WHAT THE TASK REQUIRES: Word for word, restate the lines from the top of the records below through the line with "暗号化キー(パスワード)を「パスワード」欄に入力し、「接続」をタップする", both included, with no pictures in the result.

INFORMATION SHOWN:
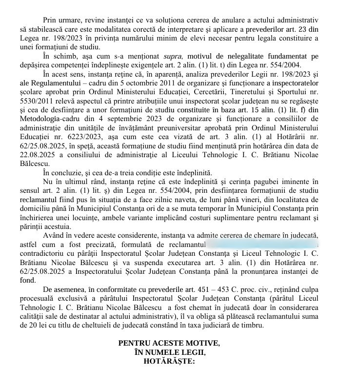 Instanța a reținut că nu se regăsește în atribuțiile unui inspectorat școlar județean și cea de desființare a unor formațiuni de studiu constituite în baza art. 15 alin. (1) lit. f) din Metodologia-cadru din 4 septembrie 2023. Aceste decizii revin exclusiv consiliilor de administrație din unitățile de învățământ preuniversitar, conform Ordinului Ministerului Educației nr. 6223/2023. În speță, formațiunea de studiu a fost constituită prin hotărârea din 22.08.2025 a consiliului de administrație al Liceului Tehnologic I. C. Brătianu Nicolae Bălcescu.
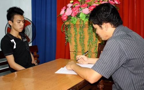 Cơ quan CSĐT CATP Đà Nẵng lấy lời khai hung thủ Đặng Văn Anh - kẻ trực tiếp đâm chết nạn nhân Lê Công Sang. |
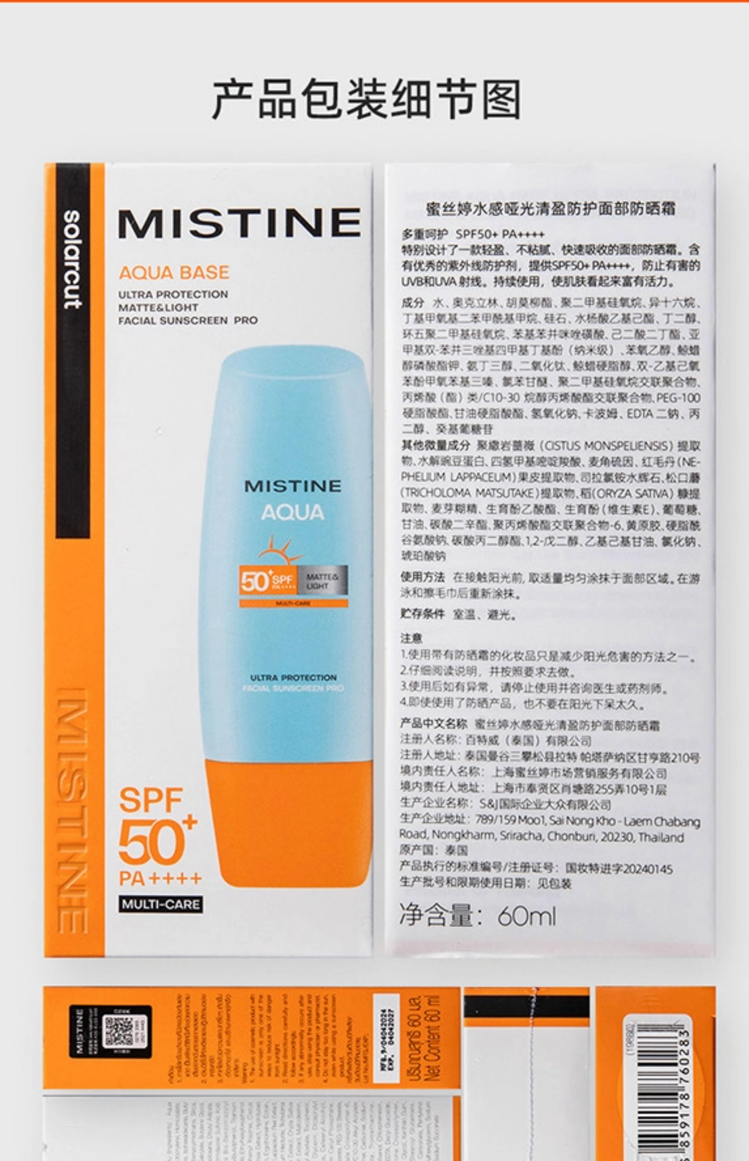 Mistine蜜丝婷通勤防晒霜礼盒套装防紫外线控油隔离hd
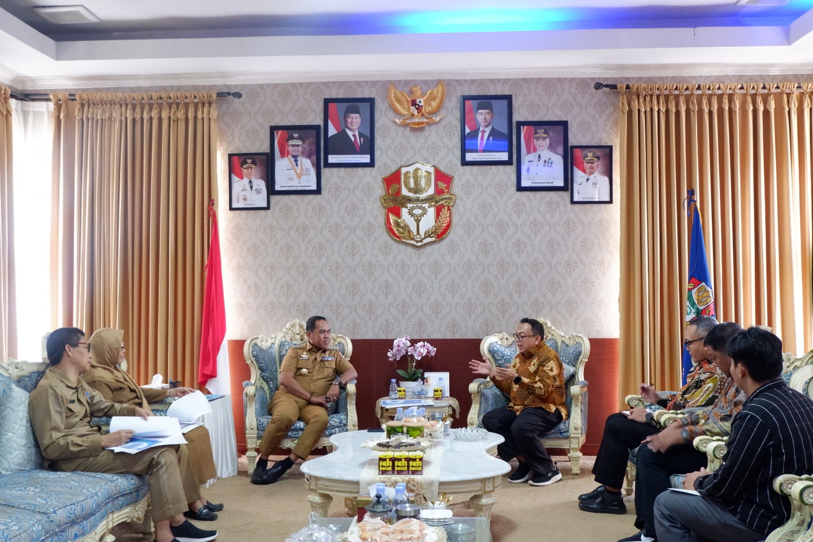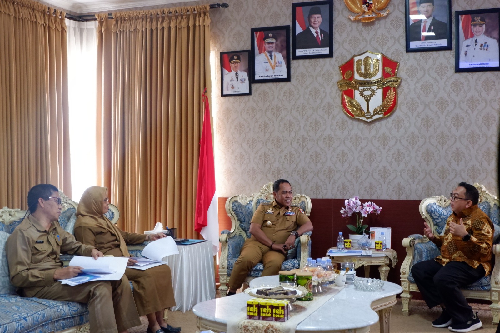 Kepala Kantor Pelayanan Pajak (KPP) Pratama Watampone, Amran, didampingi oleh Kepala Seksi Pengawasan V, Fikri Kurniawan, serta Kepala Kantor Pelayanan, Penyuluhan, dan Konsultasi Perpajakan (KP2KP) Sengkang, Riza Kurniawan, beserta tiga pegawai, melaksanakan audiensi ke Kantor Bupati Kabupaten Wajo di Jalan Rusa Nomor 17, Kecamatan Tempe, Sengkang, Kabupaten Wajo, Sulawesi Selatan (Selasa, 5/8).
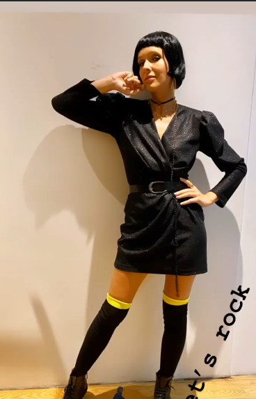 Відповідні фото пара показала в InstaStories. У новому амплуа теледіву просто не впізнати! Вона вбралася в коротке плаття з люрексом і широким шкіряним поясом, доповнила зухвалий образ гетрами і масивними черевиками, а в якості прикраси вибрала чокер.
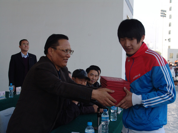 11月18日下午,由甘肃省教育厅主办、bevitor伟德国际1946承办的2010-2011李宁中国大学生足球联赛甘肃赛区决赛及闭幕式在伟德本部体育场举行。甲组冠军兰州大学代表队和乙组冠军甘肃政法学院代表队为数百名观众献上了一场精彩的攻防比拼大战,最终甘肃政法学院队以1:0战胜兰州大学队,获得本届比赛甘肃赛区总冠军。甘肃省教育厅副厅长、2010-2011李宁中国大学生足球联赛甘肃赛区组委会主任旦智塔,伟德校长孔庆浩,校党委常委、副校长、2010-2011李宁中国大学生足球联赛甘肃赛区组委会副主任刘举科,省教育厅体卫处处长杨坚以及兰州大学、西北师大、甘肃政法学院等高校代表出席闭幕式并观看了比赛,并为获奖单位及个人颁奖。伟德荣获 “最佳组织奖”,伟德体育学院陈智军老师荣获“金哨奖”荣誉称号。省教育厅副厅长旦智塔宣布本届比赛闭幕,省教育厅体艺处处长杨坚主持闭幕式。
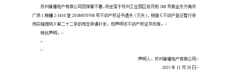 關于蘇州工業園區啟月街288號紫金東方商務廣場1商幢2-1610室20180070708號不動產權證書遺失聲明
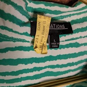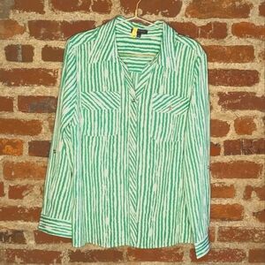 Notations Large Green & White Vertical Striped Long Sleeve Button Down Shirt
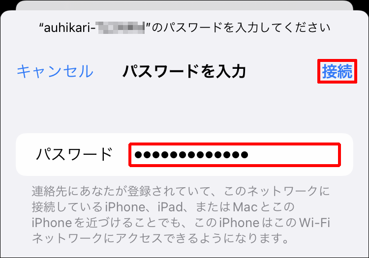 暗号化キー(パスワード)を「パスワード」欄に入力し、「接続」をタップする
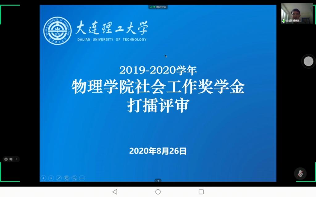 2020年8月26日上午9时,物理学院社会工作奖学金线上答辩会顺利举办。出席本次会议担任评委的嘉宾有:物应1901班思政班主任、体育场馆中心主任张磊老师,物理学院党委副书记、副院长、纪委书记周福良老师,物大珩1801班专业班主任、大学物理教学中心副教授于杰老师,物大珩1801班思政班主任、学校宣传部网络宣传科科长许剑老师,物应1801班专业班主任、纳米光电技术研究所副教授荆振国老师,物应1801班思政班主任、学校宣传部理论宣传科科长牟霖老师,物应1901班专业班主任、凝聚态物理研究所副研究员周思老师,学院学生工作办公室主任、18、19级辅导员纪丹红老师。17级辅导员唐健璐老师担任本次线上答辩会主持人。
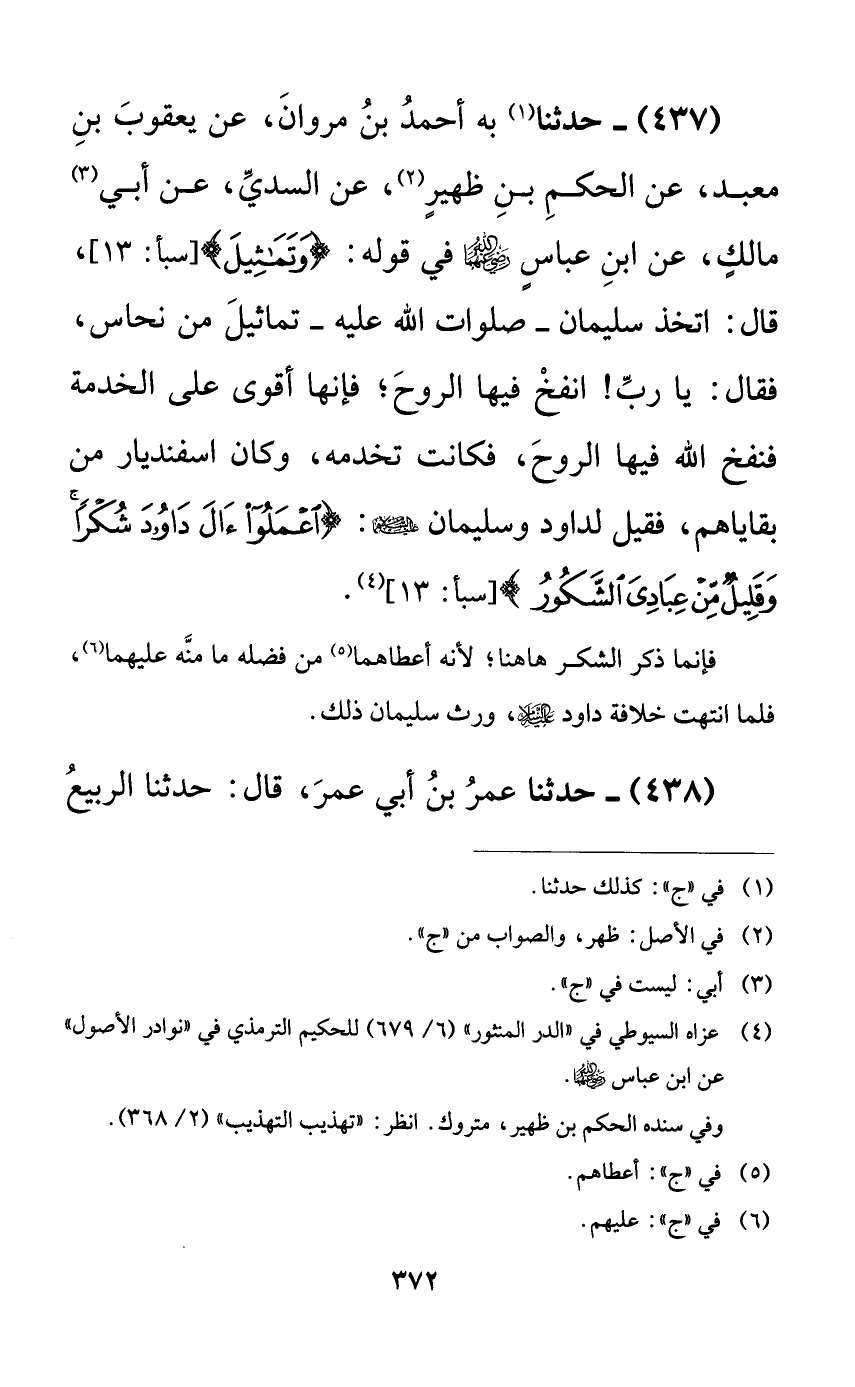 437 - حدثنا به أحمد بن مروان، عن يعقوب بن معبد، عن الحكم بن ظهيرٍ، عن السدي، عن أبي مالكٍ، عن ابن عباسٍ رضي الله عنهما في قوله: {وتماثيل}، قال: اتخذ سليمان -صلوات الله عليه- تماثيل من نحاس، فقال: يا رب! انفخ فيها الروح؛ فإنها أقوى على الخدمة فنفخ الله فيها الروح، فكانت تخدمه، وكان اسفنديار من بقاياهم، فقيل لداود وسليمان عليهما السلام: {اعملوا آل داود شكراً وقليلٌ من عبادي الشكور}.
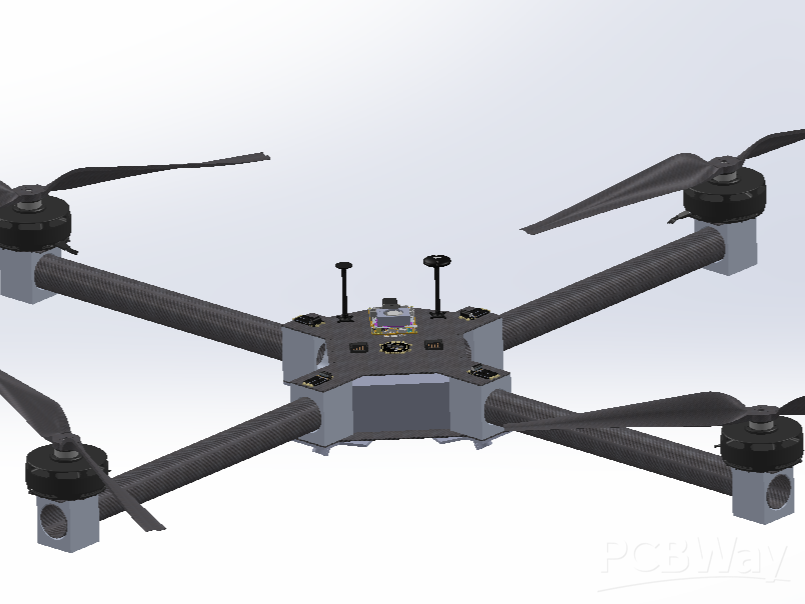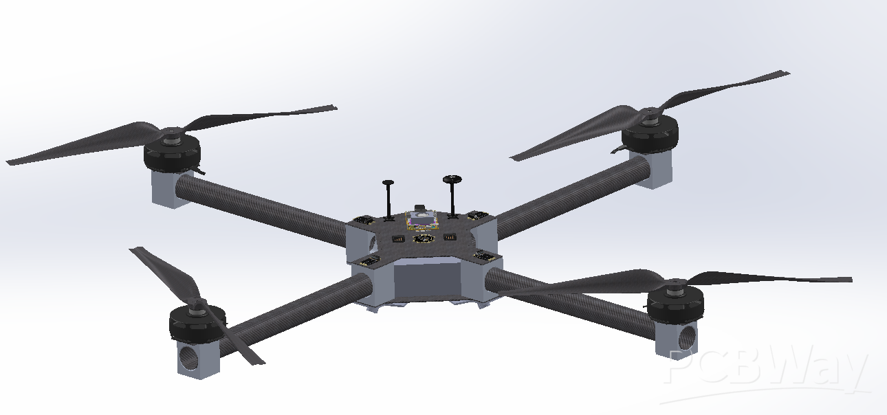 The drone consists of several electronic components: the motors, ESCs, Power Distribution Board, battery, flight controller, companion computer, PWM receivers, 2-way telemetry/RC radio, GPS module, camera and gimbal, LiDAR sensor, and airdrop servos. For construction, different propellers, plates, arms, leg mounts, legs, and connecting clamps are entirely designed by us, and created using CNC machining aluminum or carbon fiber either in house or with partner manufacturers. The airdrop will be modular and interchangeable for different tasks but will also be designed using the same principals. This design will allow it to fly for a 14-mile range on one charge, and a 77-minute maximum flight time.
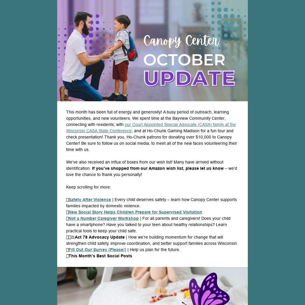 This month has been full of energy and generosity! A busy period of outreach, learning opportunities, and new volunteers. We spent time at the Bayview Community Center, connecting with residents; with our Court Appointed Special Advocate (CASA) family at the Wisconsin CASA State Conference; and at Ho-Chunk Gaming Madison for a fun tour and check presentation! Thank you, Ho-Chunk patrons for donating over $10,000 to Canopy Center! Be sure to follow us on social media, to meet all of the new faces volunteering their time with us.Â
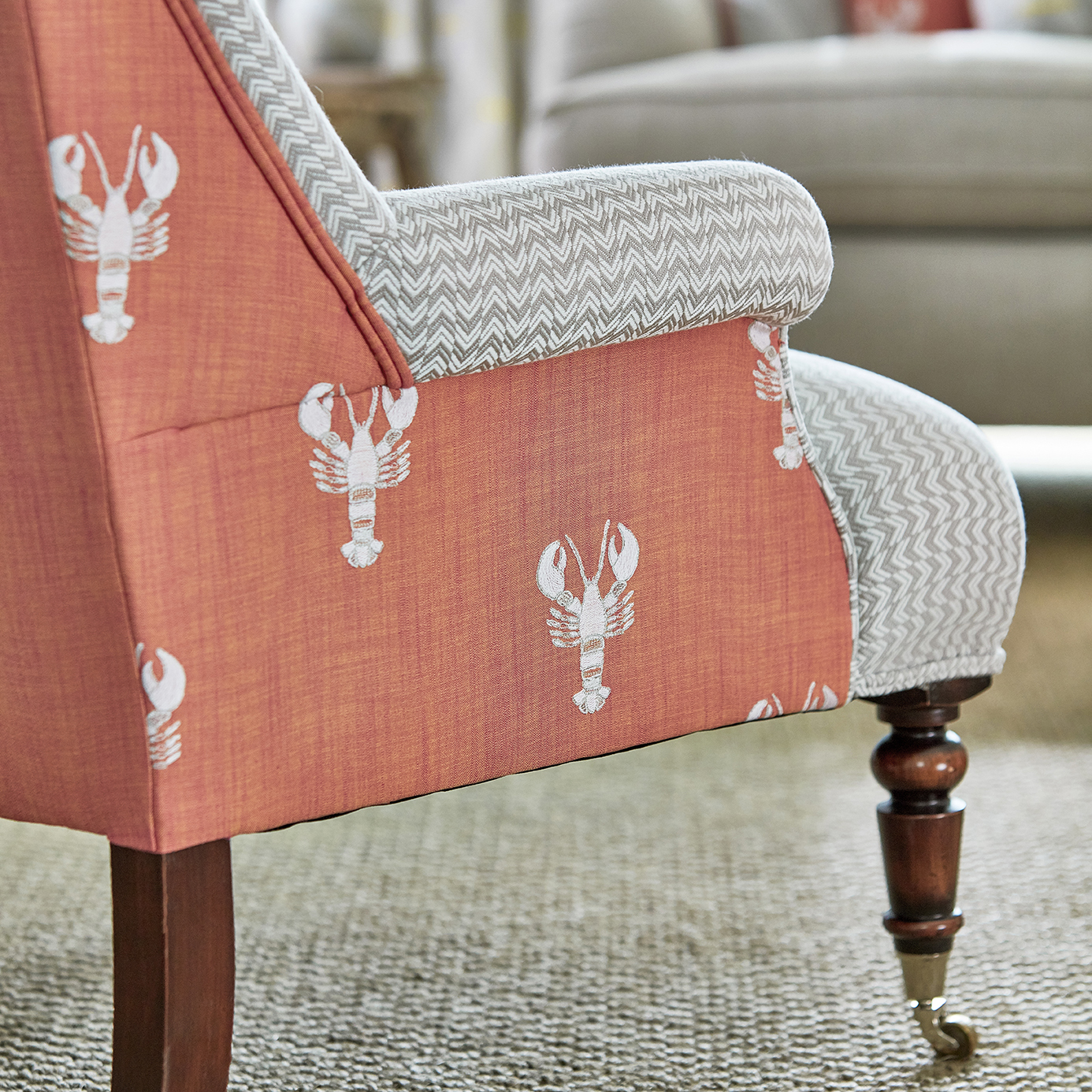 Embroidered lounging lobsters sit proudly upon this cheerful fabric inspired by the annual Crab and Lobster Festival in Cromer, Norfolk. The original artwork was created using lino printing on textured paper to add depth to the design. Team with driftwood inspired furniture, or the wallpaper and printed fabric of the same name.

OUTPUT OF THE EXERCISE:
 Instanța a reținut că nu se regăsește în atribuțiile unui inspectorat școlar județean și cea de desființare a unor formațiuni de studiu constituite în baza art. 15 alin. (1) lit. f) din Metodologia-cadru din 4 septembrie 2023. Aceste decizii revin exclusiv consiliilor de administrație din unitățile de învățământ preuniversitar, conform Ordinului Ministerului Educației nr. 6223/2023. În speță, formațiunea de studiu a fost constituită prin hotărârea din 22.08.2025 a consiliului de administrație al Liceului Tehnologic I. C. Brătianu Nicolae Bălcescu.
 Cơ quan CSĐT CATP Đà Nẵng lấy lời khai hung thủ Đặng Văn Anh - kẻ trực tiếp đâm chết nạn nhân Lê Công Sang. |
 Mistine蜜丝婷通勤防晒霜礼盒套装防紫外线控油隔离hd
 Kepala Kantor Pelayanan Pajak (KPP) Pratama Watampone, Amran, didampingi oleh Kepala Seksi Pengawasan V, Fikri Kurniawan, serta Kepala Kantor Pelayanan, Penyuluhan, dan Konsultasi Perpajakan (KP2KP) Sengkang, Riza Kurniawan, beserta tiga pegawai, melaksanakan audiensi ke Kantor Bupati Kabupaten Wajo di Jalan Rusa Nomor 17, Kecamatan Tempe, Sengkang, Kabupaten Wajo, Sulawesi Selatan (Selasa, 5/8).
 Відповідні фото пара показала в InstaStories. У новому амплуа теледіву просто не впізнати! Вона вбралася в коротке плаття з люрексом і широким шкіряним поясом, доповнила зухвалий образ гетрами і масивними черевиками, а в якості прикраси вибрала чокер.
 11月18日下午,由甘肃省教育厅主办、bevitor伟德国际1946承办的2010-2011李宁中国大学生足球联赛甘肃赛区决赛及闭幕式在伟德本部体育场举行。甲组冠军兰州大学代表队和乙组冠军甘肃政法学院代表队为数百名观众献上了一场精彩的攻防比拼大战,最终甘肃政法学院队以1:0战胜兰州大学队,获得本届比赛甘肃赛区总冠军。甘肃省教育厅副厅长、2010-2011李宁中国大学生足球联赛甘肃赛区组委会主任旦智塔,伟德校长孔庆浩,校党委常委、副校长、2010-2011李宁中国大学生足球联赛甘肃赛区组委会副主任刘举科,省教育厅体卫处处长杨坚以及兰州大学、西北师大、甘肃政法学院等高校代表出席闭幕式并观看了比赛,并为获奖单位及个人颁奖。伟德荣获 “最佳组织奖”,伟德体育学院陈智军老师荣获“金哨奖”荣誉称号。省教育厅副厅长旦智塔宣布本届比赛闭幕,省教育厅体艺处处长杨坚主持闭幕式。
 關于蘇州工業園區啟月街288號紫金東方商務廣場1商幢2-1610室20180070708號不動產權證書遺失聲明
 Notations Large Green & White Vertical Striped Long Sleeve Button Down Shirt
 暗号化キー(パスワード)を「パスワード」欄に入力し、「接続」をタップする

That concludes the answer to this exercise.